Отправляясь на встречу с ней, он твердо был настроен добиться от нее правды любой ценой и заставить ее рассказать ему абсолютно все, что она знает. Не без труда узнав настоящий адрес съемной квартиры, на которой она жила вместе с подругой, он позвонил и навестил их под видом клиента, назначив встречу на девять часов вечера: уговор был, что они займутся сексом на троих и он останется у них на всю ночь. Таким образом, он обезопасил себя от случайных посетителей проституток, которые могли стать невольными свидетелями его визита.
Когда ему открыла дверь Босая, встретив его в вызывающе откровенном пеньюаре, под которым не было ничего, кроме ее голого тела, она сразу поняла цель его появления и попыталась закричать, чтобы привлечь внимание соседей, но он ловким ударом в кадык заставил ее замолчать, впихнув ее внутрь квартиры и захлопнул дверь за собой.
«Зоя, что случилось?» – раздался встревоженный голос подруги из ближайшей комнаты, куда, не заставив себя ждать, ворвался Мокряков и оглушил ее. Затем связал, а бесчувственную Босую отволок на кухню и привязал к стулу, усевшись за кухонным столом напротив. Достав кокаин, вынюхал добрую порцию порошка, пока она не очнулась, а когда Босая пришла в себя и застонала, открыв глаза, спросил ее, как ни в чем не бывало:
– Как самочувствие? Узнаешь меня?
– Ты же мент, – чуть слышно прохрипела она, с трудом перебарывая боль от ушибленного горла, – какого черта ты на меня напал?
– Хороший вопрос, гражданка Босая, – нервно хохотнул Мокряков, весь вспотев от истерического возбуждения, и нетерпеливо потер руки, предвкушая удовольствие от расправы, – извини за горло, но я должен был подстраховаться.

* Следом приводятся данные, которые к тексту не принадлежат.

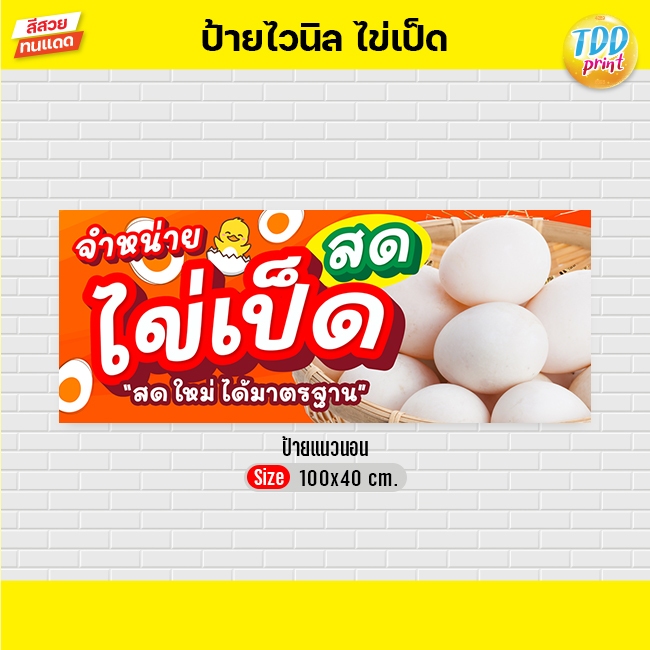 ป้ายไวนิลไข่เป็ดสดV1 ป้ายทนแดด กันน้ำ ภาพคมชัด สีสวยสดใส พร้อมใช้งาน

Я знаю, как это больно – ушибленный кадык, но зато ты не сможешь кричать. Только шептать, только шептать, ха-ха-ха.
– Сволочь, – со слезами выдавила она, – я же ничего тебе не сделала. Чего тебе надо?
– А я скажу, я скажу, – словно мелкий, мокрый и раскрасневшийся бес засуетился злорадостно Мокряков, то вскакивая, то садясь на свое место, – жаль моего любимого стола здесь нет, символа правосудия. Расскажи мне все, что знаешь про дагестанца и что тебя с ним связывает.
– Пошел к черту, – просипела Босая, – это незаконно. А ты мент, представитель закона.
– Ха-ха. Закона в нашей стране испокон веков не было, а-ха-ха-ха, потому что это страна не закона, а благодати. Слышишь? Бла-го-да-т-и-и-и. А-ха-ха, а-ха-ха. Слышишь, Босая, благодати. У тебя есть благодать?
Подскочив вплотную к женщине, он ухватился двумя руками за ее лицо и уставился в него своими безумными глазами наркомана, неотрывно глядел в него не меньше минуты, после чего так же внезапно отпустил и, словно забыв, вернулся к столу, повторяя:
– Нет у тебя, дрянь, благодати. Ни у кого нет, только у меня, целых пять грамм белоснежной благодати.
Женщина попыталась освободиться, пока он стоял к ней спиной, опершись на стол, и когда у нее почти получилось, он обернулся и спросил:
– Свободы хочешь? Свободы?
Испуганно сжавшись, она молчала. А дальше начался сущий кошмар – он стал ее пытать, жестоко и расчетливо, получая наслаждение от вида ее страдающей плоти, делая передышки лишь для того, чтобы задавать одни и те же вопросы: «Что ты знаешь о дагестанце и что тебя связывает с ним?»